[Start of Attachment]
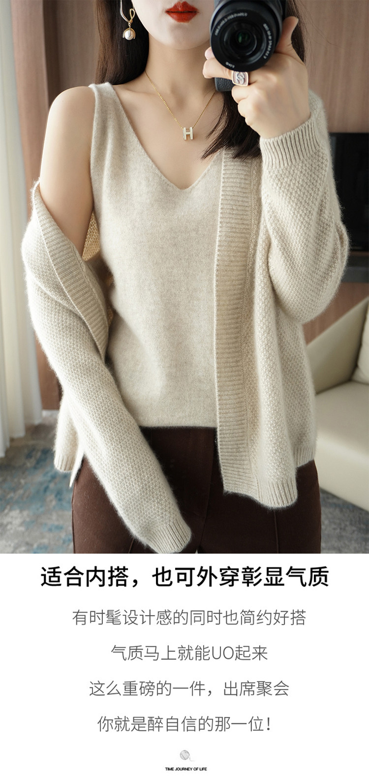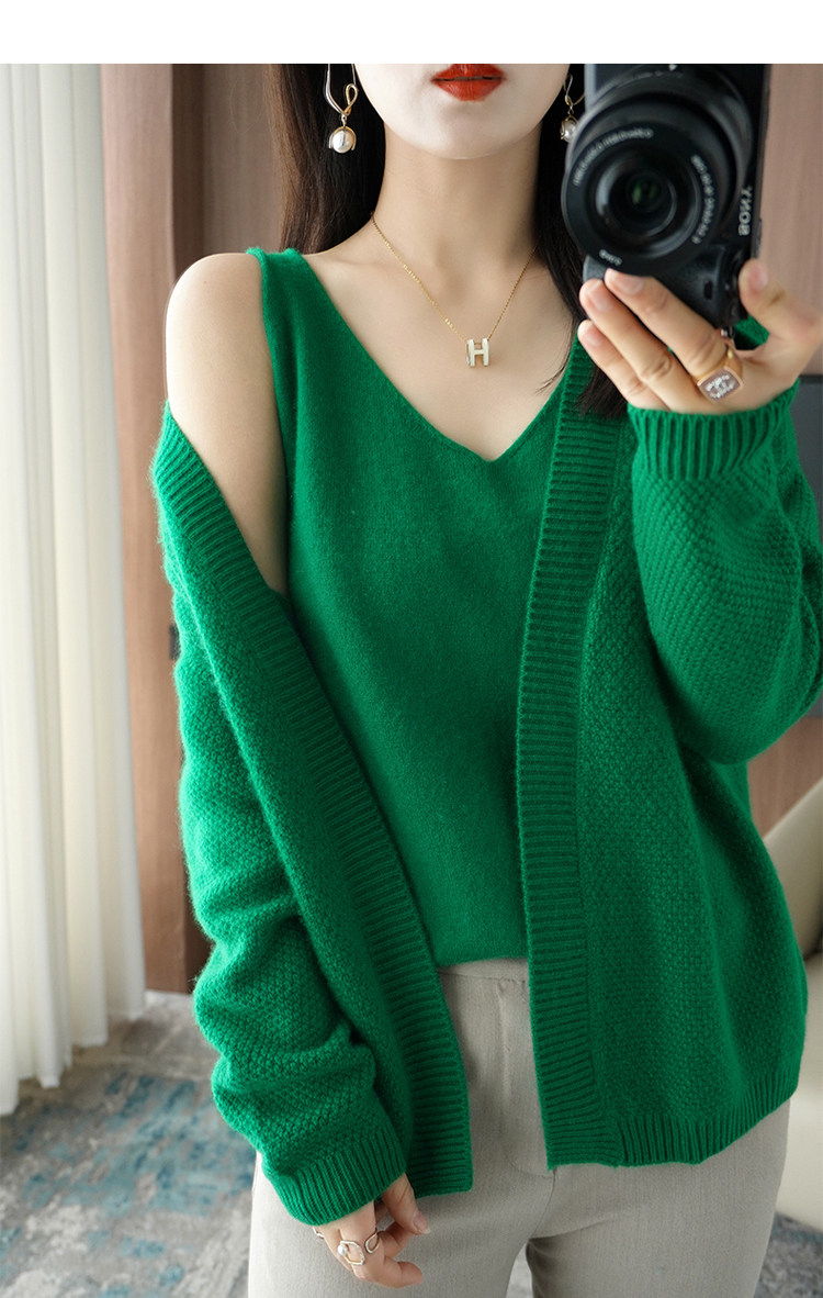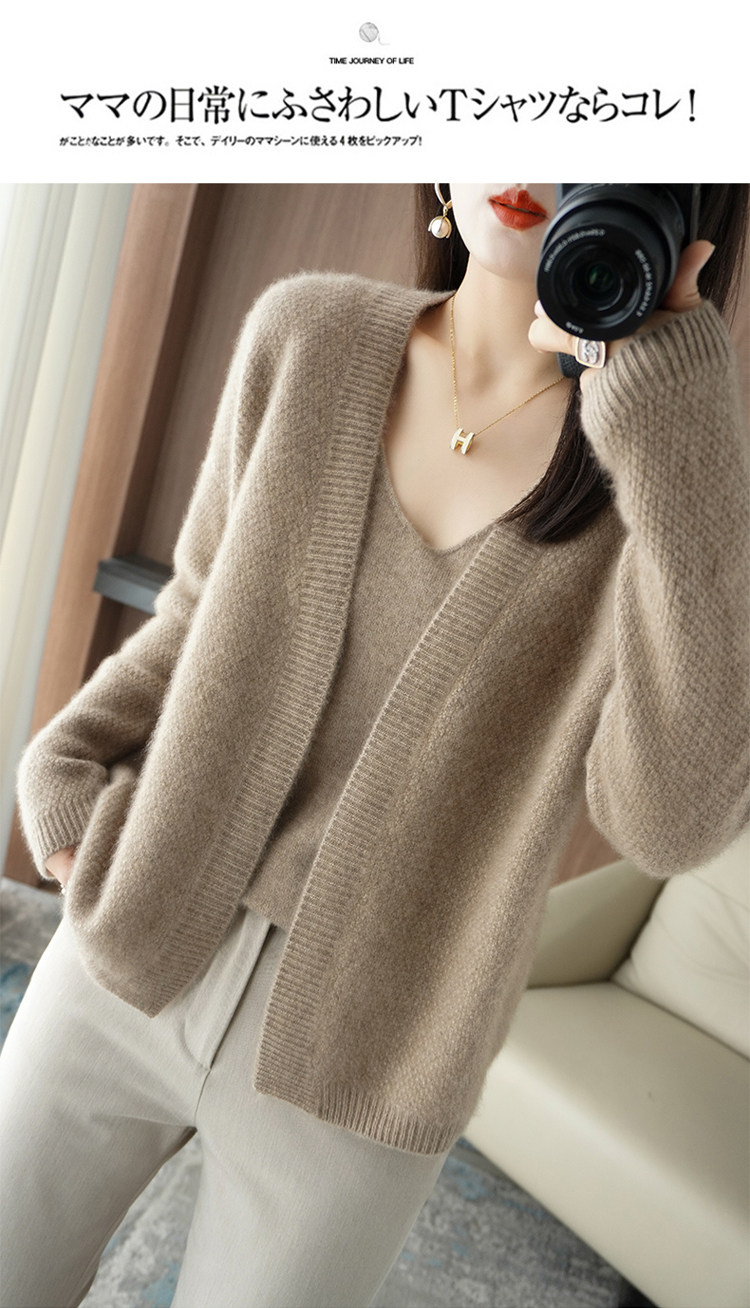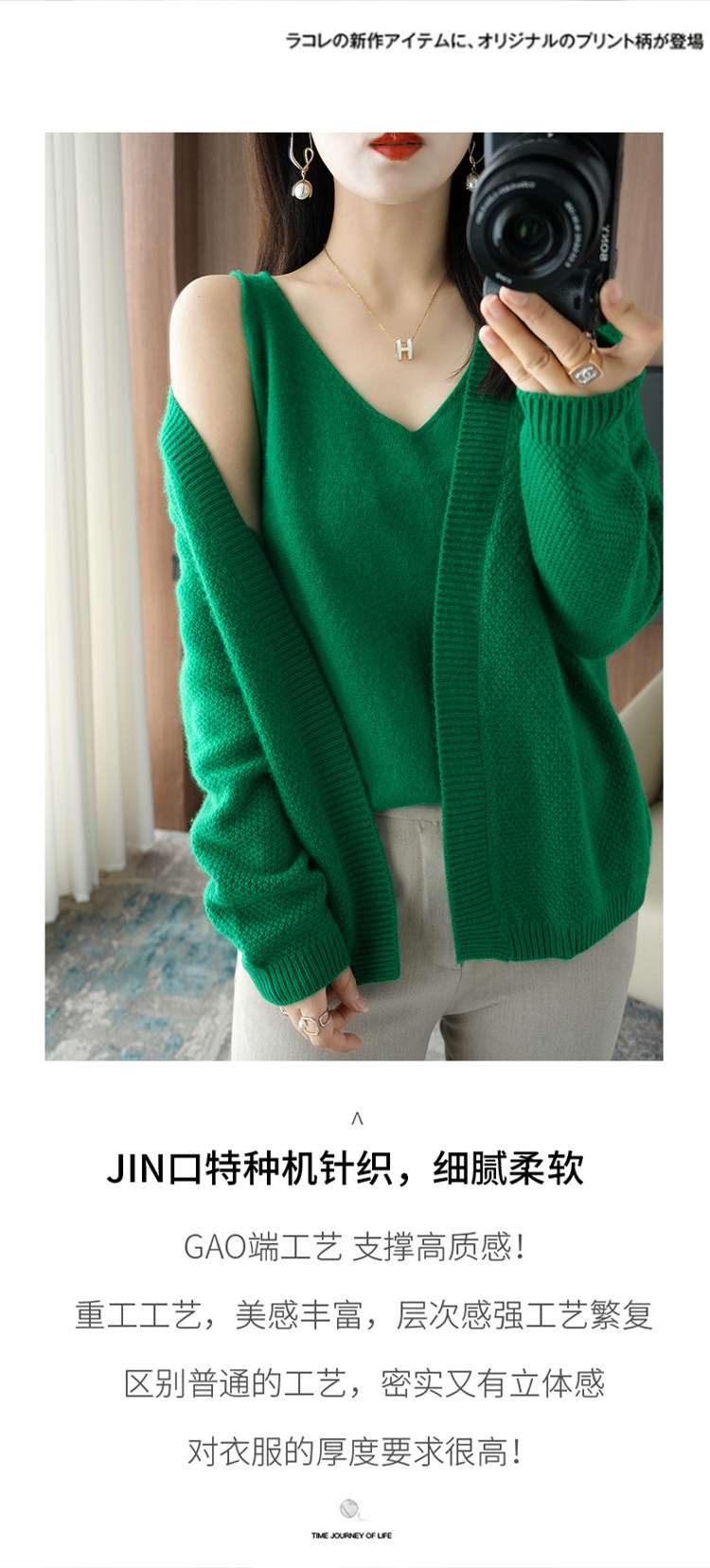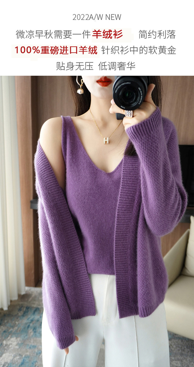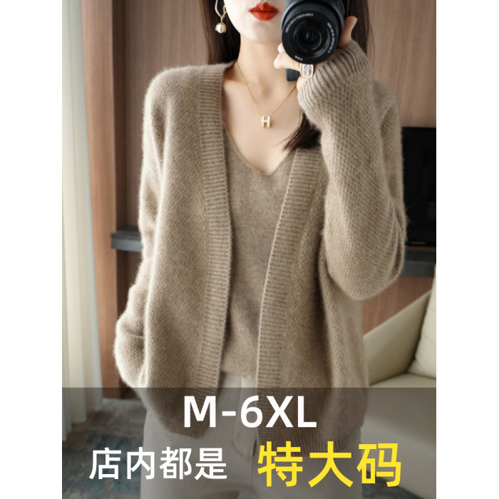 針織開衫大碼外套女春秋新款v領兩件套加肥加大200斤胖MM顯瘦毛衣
[End of Attachment]
[Start of Attachment]
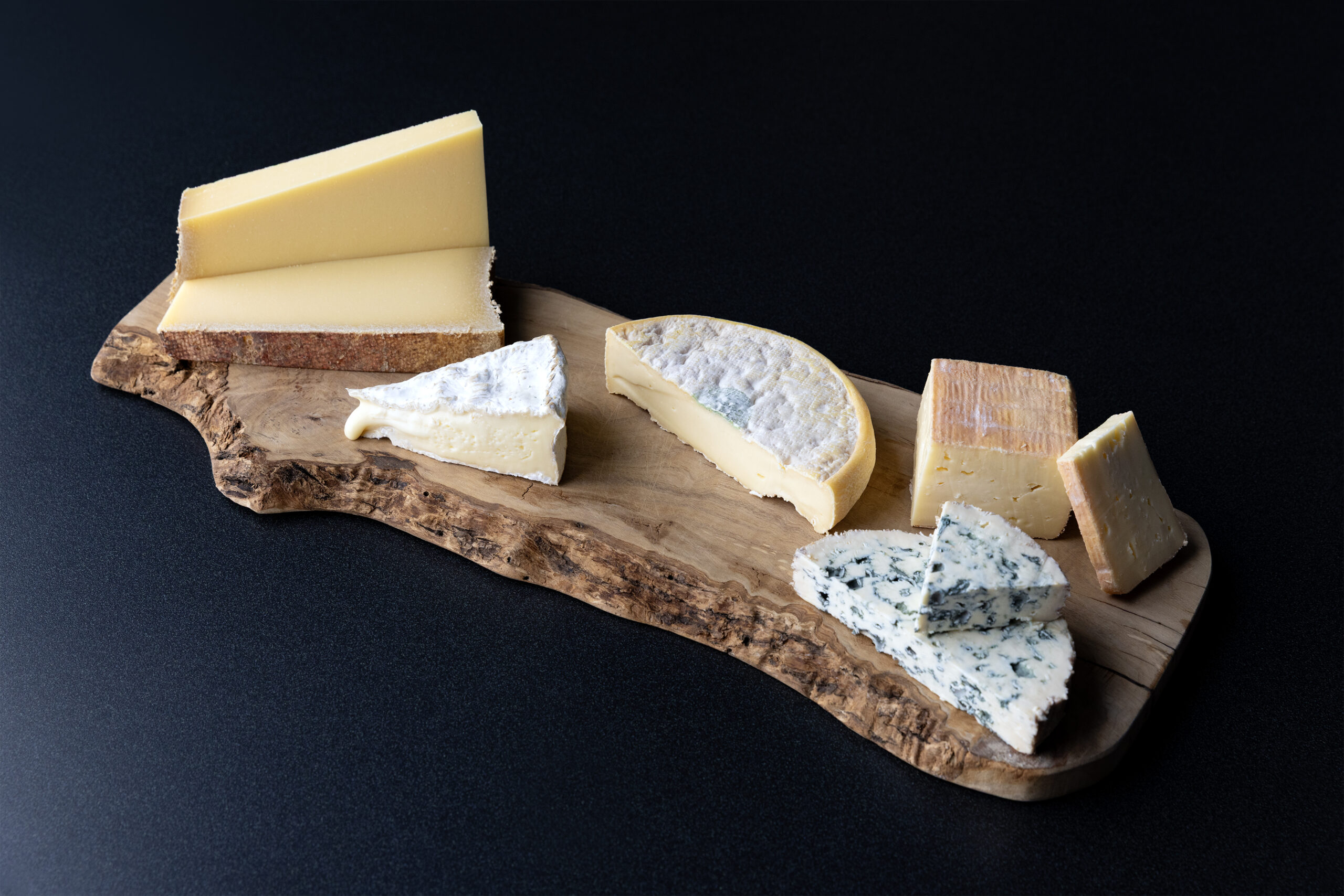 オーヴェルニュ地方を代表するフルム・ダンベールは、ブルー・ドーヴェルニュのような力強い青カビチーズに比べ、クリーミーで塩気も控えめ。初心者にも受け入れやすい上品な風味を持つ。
[End of Attachment]
[Start of Attachment]
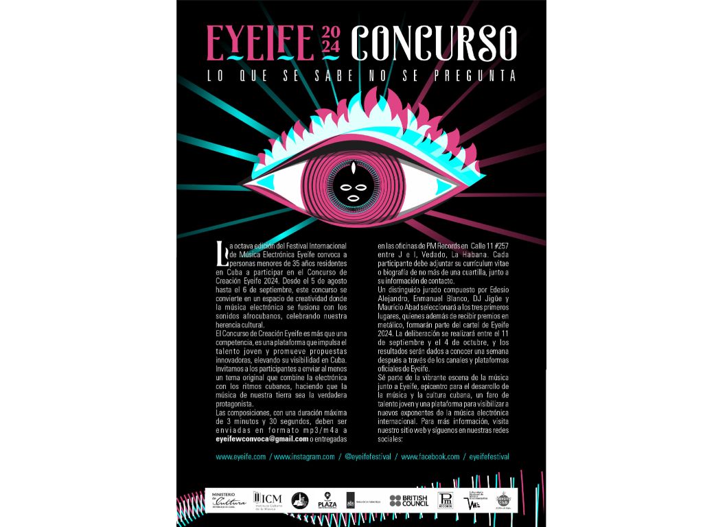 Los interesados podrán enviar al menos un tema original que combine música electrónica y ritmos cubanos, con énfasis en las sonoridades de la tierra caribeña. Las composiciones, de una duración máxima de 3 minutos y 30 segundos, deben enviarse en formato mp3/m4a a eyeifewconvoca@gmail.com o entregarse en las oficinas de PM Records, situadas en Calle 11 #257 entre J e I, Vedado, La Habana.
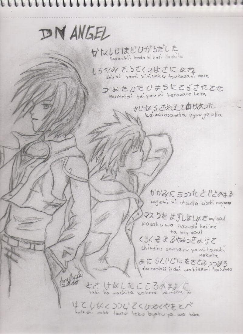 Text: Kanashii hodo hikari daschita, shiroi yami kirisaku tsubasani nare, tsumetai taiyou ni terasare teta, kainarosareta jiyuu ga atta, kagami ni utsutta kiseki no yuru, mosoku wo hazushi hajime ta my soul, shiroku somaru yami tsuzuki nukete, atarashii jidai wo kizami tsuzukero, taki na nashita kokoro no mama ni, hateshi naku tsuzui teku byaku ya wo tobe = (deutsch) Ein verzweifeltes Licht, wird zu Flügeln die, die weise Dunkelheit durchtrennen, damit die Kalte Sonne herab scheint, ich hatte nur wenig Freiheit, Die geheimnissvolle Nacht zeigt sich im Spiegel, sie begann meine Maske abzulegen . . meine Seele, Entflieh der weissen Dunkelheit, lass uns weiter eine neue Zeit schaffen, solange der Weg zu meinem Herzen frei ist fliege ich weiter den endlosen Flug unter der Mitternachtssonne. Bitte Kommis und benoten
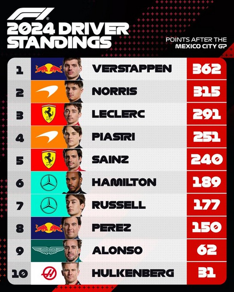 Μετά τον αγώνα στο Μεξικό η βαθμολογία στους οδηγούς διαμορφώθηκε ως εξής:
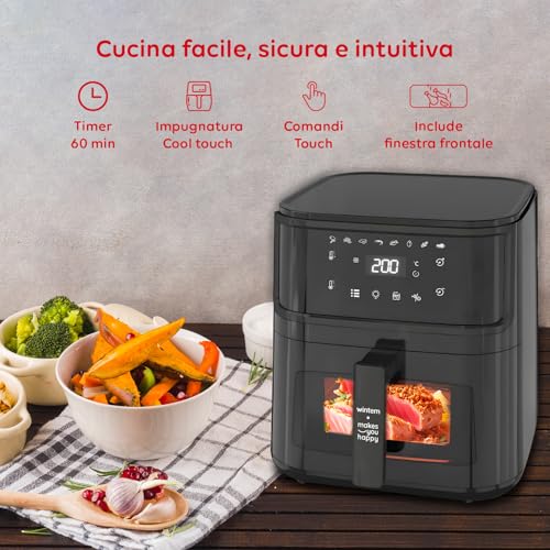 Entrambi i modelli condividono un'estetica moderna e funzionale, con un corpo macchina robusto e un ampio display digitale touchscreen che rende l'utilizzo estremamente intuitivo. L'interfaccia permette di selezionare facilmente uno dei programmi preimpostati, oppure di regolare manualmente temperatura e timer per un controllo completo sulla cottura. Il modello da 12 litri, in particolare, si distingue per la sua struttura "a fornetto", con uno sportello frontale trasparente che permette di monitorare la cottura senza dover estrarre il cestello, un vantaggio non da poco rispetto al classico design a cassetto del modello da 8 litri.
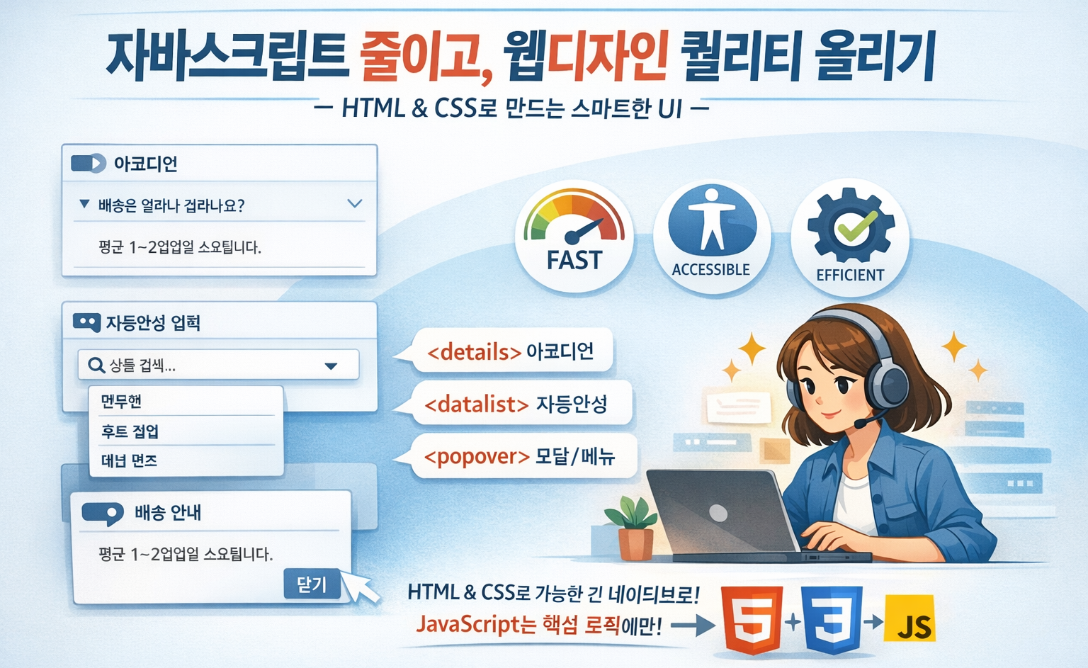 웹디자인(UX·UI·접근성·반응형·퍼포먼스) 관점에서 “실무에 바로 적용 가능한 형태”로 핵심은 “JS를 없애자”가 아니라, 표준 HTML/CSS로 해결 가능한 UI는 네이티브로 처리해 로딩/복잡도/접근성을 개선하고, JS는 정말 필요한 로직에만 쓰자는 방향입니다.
[End of Attachment]
**Task to carry out**
Among the entries above, find the line with "Entrambi i modelli" and repeat exactly from there through the line with "로직에만 쓰자는 방향입니다.", leaving out the pictures.

**Solution to the exercise**
 Entrambi i modelli condividono un'estetica moderna e funzionale, con un corpo macchina robusto e un ampio display digitale touchscreen che rende l'utilizzo estremamente intuitivo. L'interfaccia permette di selezionare facilmente uno dei programmi preimpostati, oppure di regolare manualmente temperatura e timer per un controllo completo sulla cottura. Il modello da 12 litri, in particolare, si distingue per la sua struttura "a fornetto", con uno sportello frontale trasparente che permette di monitorare la cottura senza dover estrarre il cestello, un vantaggio non da poco rispetto al classico design a cassetto del modello da 8 litri.
 웹디자인(UX·UI·접근성·반응형·퍼포먼스) 관점에서 “실무에 바로 적용 가능한 형태”로 핵심은 “JS를 없애자”가 아니라, 표준 HTML/CSS로 해결 가능한 UI는 네이티브로 처리해 로딩/복잡도/접근성을 개선하고, JS는 정말 필요한 로직에만 쓰자는 방향입니다.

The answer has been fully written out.